Has Google Lost Its Mojo?
CWmike writes "Google looks as if it's on top of the world right now, holding an ever-increasing lion's share of the search market. So why do I think it's lost its mojo? Let's start with the way it treats its employees, writes Preston Gralla. Another example: Google employees, such as Sergey Solyanik, have started deserting the company. And its share price is down double that of the Dow or Nasdaq since November 2007. Even if Google has lost its mojo, why should you care? It won't make your searches any less effective, will it? Nope. But Google has its eyes on bigger things than search, notably your IT department. It's looking to displace Microsoft with hosted services like Google Apps, Gmail and Google Docs. Solyanik warns that Google's engineers care more about the 'coolness' of a service than about the service's effectiveness." Of course Google employees version of being mistreated is often laughable, and quite a shock when they look for their massage therapist at wherever they end up next.
When they decided to abuse people's right to privacy & do evil things...
Yes
Unless Yahoo or MS can get their act together on search and ads Google has little to fear.
Google has been a media darling for a long time. Now that they are finally out of the whiz-bang stage, you're ready to say they're going downhill? No, they've just gotten just about all of the internet that they can, and they are now waiting (and actively pushing) for mobile internet so they can do it all over again.

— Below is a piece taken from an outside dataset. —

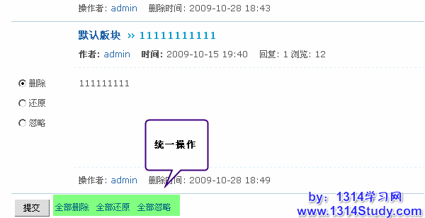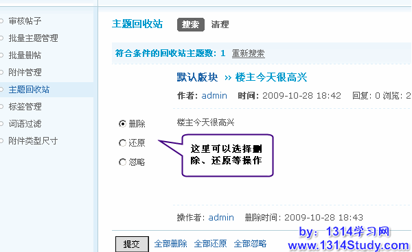 那接下来就是如何管理主题回收站里的帖子了。管理也是非常的简单快捷。

I'm personally all for trying to expand the economy itself instead of making a complete monopoly (and Google can't get much stronger without becoming a monopoly).
Now we all just get to sit and wait until wireless matures and Google takes over it. I'm speculating they'll start pushing platform-neutral stuff big-time after that (which may mean overt Linux pushing). They can't compete well with MS's enterprise dominance until they've dislodged Windows, but the wireless apple is much riper at the moment.
The government can't save you.
This actually reminds me of a story of the wandering engineer. They'd work for google, then move to MS because they lack quality control. The engineer would then transfer to Yahoo because MS isn't doing anything interesting. They'd then move to Google and start the cycle anew because Yahoo wasn't on the cutting edge. Maybe the novelty of working at Google, or any other place for that matter, wears off once you've been there for quite a few months and you have the qualifications to change things up. Engineers can be a fickle lot where the interesting aspects of a project outweigh how much it pays.
...is one guy who returned to Microsoft, the price of an employee service was raised, and the stock price is lower than it was at a point in the past.
I don't think that's enough to declare that Google has lost its mojo. Think of how many times Apple was "dying" according to the press. I think this author is just bored with Google and wants to cause a stir.
"Sufferin' succotash."
He's impressed with the rock solid stability of the.......office suit software ? Enterprise level word processor and spread sheets ? Setting the bar pretty low.....
Why in blazes should people who don't have kids, or who responsibly make arrangements for them to be cared for (such as *gasp* having Mom stay home and actually raise them), have to pay in the form of a lower salary for yours?
And a reduction in this silly benefit that you shouldn't have in the first place is age discrimination against you?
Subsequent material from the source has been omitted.